The Citi report authors concluded that the incremental costs of carrying out clean energy projects of sufficient scope and scale to avoid a climate change tipping point, e.g. deployment of solar, wind, geothermal, offshore, marine and other low- or zero-emissions technology, are limited and would ultimately result in savings. Furthermore, they point out that investing in low-carbon energy to such a degree offers attractive rates of investment return and could wind up boosting the global economy.

“We believe that the solution does exist,” Citi’s alternative energy and cleantech researchers wrote. “The incremental costs of following a low-carbon path are in context limited and seem affordable, the ‘return’ on that investment is acceptable and moreover the likely avoided liabilities are enormous. Given that all things being equal cleaner air has to be preferable to pollution, a very strong ‘Why would you not?’ argument begins to develop.”

Citi’s research team factored so-called ¨stranded assets¨ into the models they used to generate two scenarios for the global economy. They analyzed and based their conclusions on the results of running the models with varying inputs for each scenario and ran computer simulations in order to assess a broad range of possible outcomes.

Stranded assets refers to the percentages of global reserves of oil (one-third), natural gas (half) and coal (more than 80 percent) that we need to leave in the ground in order to avoid global mean temperature from rising 2ºC, a climate change tipping point beyond which the world’s leading climate scientists say Earth’s climate system could not recover.

Conditions ripe for global low-carbon energy transition

Citi’s report authors believe that conditions are ripe for a coordinated global and persistent drive to curtail production and use of fossil fuels and invest in low-carbon energy alternatives. Upcoming UN climate talks in Paris this December provide another opportunity and venue to enact a catalyst in the form of an ambitious climate treaty with real “teeth” that can make this a reality, they add.

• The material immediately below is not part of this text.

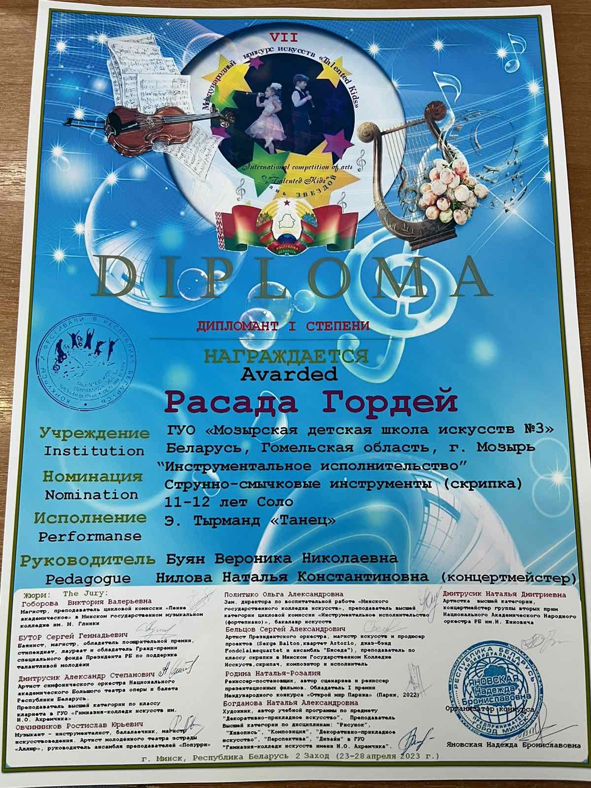 ДИПЛОМАНТ I степениРасада Гордей учитель:БУЯН Вероника Николаевнаконцертмейстер:НИЛОВА Наталья Константиновна

¨With the global economy improving post-crisis, interest rates low, the large emitters coming to the table, investment capital keen, and public opinion broadly supportive, Paris offers a generational opportunity; one that we believe should be firmly grasped with both hands.¨

Opening the report, the authors cite Thomas Edison’s prescient remarks regarding our energy sources: “We are like tenant farmers chopping down the fence around our house for fuel when we should be using nature’s inexhaustible sources of energy – sun, wind and tide. I’d put my money on the sun and solar energy. What a source of power! I hope we don’t have to wait until oil and coal run out before we tackle that.”

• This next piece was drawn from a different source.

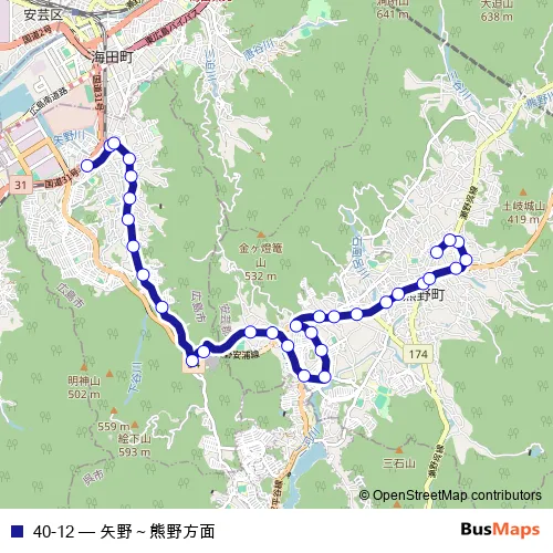 The first stop of the 40-12 bus route is 矢野駅前 and the last stop is 熊野萩原車庫前. 40-12 (矢野~熊野方面) is operational during 毎日.

Whether or not we will heed and be able to realize Edison and many others’ vision of a global society powered by clean, renewable energy resources remains very much in doubt. In fact, ongoing growth in greenhouse gas (GHG) emissions is leaving us ¨behind the 8-ball.¨

Unless effective, stringent constraints are imposed on the runaway train that is the fossil fuel industry and profound changes in power, transportation, agriculture, industry, commerce and consumerism take place fast we will be forced to swallow the costs – in terms of human lives, ecosystems destruction and degradation as well as their economic derivatives  – and struggle to adapt as best we can to a much changed, less friendly and less accommodating natural and human-made environment.